Dilara Y’s The Peace Bride was selected by Julie Iromuanya as the winner of this year’s Debut Fiction Prize. Read the story here and then check out this interview in which she talks about the origins of the story, belonging, and how this story came together.

The Peace Bride is such a vivid character. Where did the idea for this story originate?
This story started with an image in my mind of a bride wearing a dirty white dress and hiking boots. I recognized her as an imagining based on headlines about femicide in Turkey. Living with a Turkish grandmother means that TV news headlines are often blaring in the background as you go about your day. I thought about how these headlines, animated by the anxieties of our elders, can take on a life of their own and become an almost spectral presence that follows Turkish women everywhere. I started to imagine the Peace Bride as a ghost cobbled together from headlines and cautionary tales. The ghost in this story is a fictional character, but the questions she represents are inspired by the work of feminist organizers in Turkey.
In particular, the Turkish public was haunted by the 2008 rape and murder of an Italian performance artist and filmmaker known as Pippa Bacca whose project Brides on Tour aimed to promote peace by interviewing women survivors of war and genocide. Bacca’s murder on the outskirts of Istanbul made international headlines, sparked protests and drew attention to the ubiquity of femicide in Turkey. I remember this as a moment of public political reckoning in Turkey and this is the historical backdrop I envisioned when I started to write this story.
Most of the women in this story are victims of violence in one way or another, but also each, in their own way, stand up against it even while being blamed by society (in many cases other women) for their (perceived) role in the violence against them. Was this push-pull always at the forefront of the story, or was it something that emerged as you wrote?
I think this emerged as I wrote. A couple drafts in, I realized that I wanted to write a coming-of-age ghost story about a protagonist who is struggling with feelings of powerlessness as she tries to make sense of the violence around her. I wanted Leyla to come to terms with her own vulnerability, but also with her power. To deal with feelings of helplessness and rage, Leyla envisions the Peace Bride somehow incapacitating the perpetrators of violence.
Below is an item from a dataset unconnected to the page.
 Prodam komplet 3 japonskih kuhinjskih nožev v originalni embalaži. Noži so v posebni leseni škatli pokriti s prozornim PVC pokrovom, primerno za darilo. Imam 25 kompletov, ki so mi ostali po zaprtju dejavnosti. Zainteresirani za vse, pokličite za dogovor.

Through her interactions with the Peace Bride, Leyla struggles with questions about how and why groups of people become vulnerable to violence and premature death, and what to do with the power of being comparatively less vulnerable than others around her. As she wonders whether the ghost that haunts her has any effect on the physical world, Leyla comes to a more structural understanding of violence and finds power in collective action and protest.
This story, at least in part, feels like it’s about the loneliness of leaving home. What do you see as the role of place or home in this story?
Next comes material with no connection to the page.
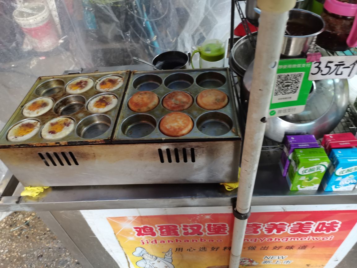 在围里社区内有一家美食早点路边摊,主要是做美味的鸡蛋汉堡,和美味的现磨豆浆。

My mom is from Turkey, my dad is from the US, and I grew up traveling frequently between countries, so I’ve always been interested in the dynamics of migration, home and belonging. The characters in this story are perpetually unsettled and in flight. They are searching for freedom as well as safety and belonging, looking for ways to resist the social rules and unjust laws that threaten their ability to make a home. For Leyla, leaving her family’s home means that the price of freedom is loneliness. More generally, the characters are looking for ways to make their homes in and beyond places torn by war or poverty or racism or misogyny, as well as ways to be at home in bodies that are the targets of violence.
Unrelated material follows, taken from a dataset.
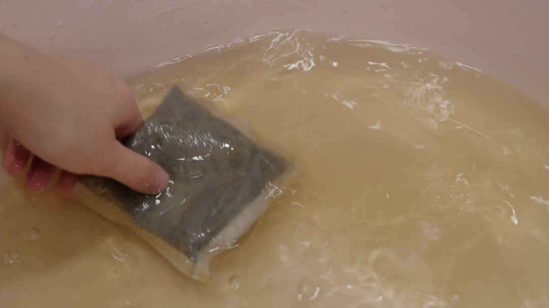 将泡脚包先在温水中揉、搓,汤水会逐渐变浓,之后再加热水,泡脚时也可以踩踩。

What was the process of writing this story? Did you have a clear sense of where it was going from the start, or is it something that came together over many drafts?
The writing process was exploratory and came together over many drafts. I started by jotting down scenes and then considered different ways to organize them. I generally don’t write stories chronologically from beginning to end, so my initial drafts can read more like a series of vignettes that need to be shaped into a coherent narrative. At one point, this was a novella, which I challenged myself to cut down into short story form. Friends read early versions and helped identify parts that could be pulled out to become separate stories. There are always so many ways to slice and reconfigure and revise. I enjoy thinking about these possibilities, but it’s easy to get carried away. I use submission deadlines to interrupt what might otherwise become endless revision.
What else are you working on?
I’m working on a collection of interrelated short stories set in Istanbul and San Francisco, exploring the meanings of home, power and belonging through different characters and voices.
I’m very thankful to the team at The Masters Review as well as guest judge Julie Iromuanya for making a home for my first short story.